## Task requirements
The answer must be only the lines below from the one holding "2025年11月10日 / 最終更新日時" down to the one holding "Poncho smanicato in", ends included, printed exactly; please omit all pictures.

## Record excerpts

-------------------------

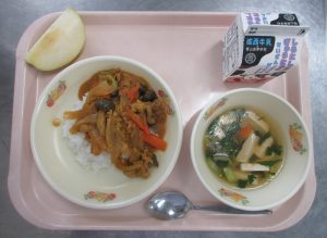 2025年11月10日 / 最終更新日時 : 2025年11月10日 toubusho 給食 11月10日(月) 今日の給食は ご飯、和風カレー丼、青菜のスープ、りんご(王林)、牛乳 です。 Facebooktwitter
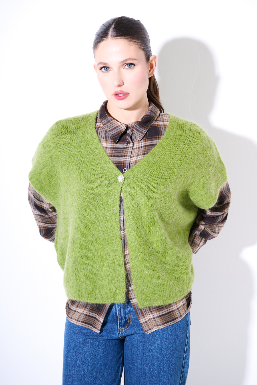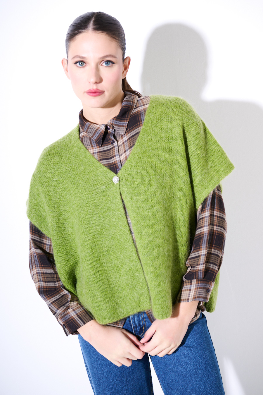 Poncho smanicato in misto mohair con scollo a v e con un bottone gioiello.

-------------------------

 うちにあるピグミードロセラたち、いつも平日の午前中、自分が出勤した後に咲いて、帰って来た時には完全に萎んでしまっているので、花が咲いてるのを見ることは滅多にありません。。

-------------------------

## Answer to this task
 2025年11月10日 / 最終更新日時 : 2025年11月10日 toubusho 給食 11月10日(月) 今日の給食は ご飯、和風カレー丼、青菜のスープ、りんご(王林)、牛乳 です。 Facebooktwitter
 Poncho smanicato in misto mohair con scollo a v e con un bottone gioiello.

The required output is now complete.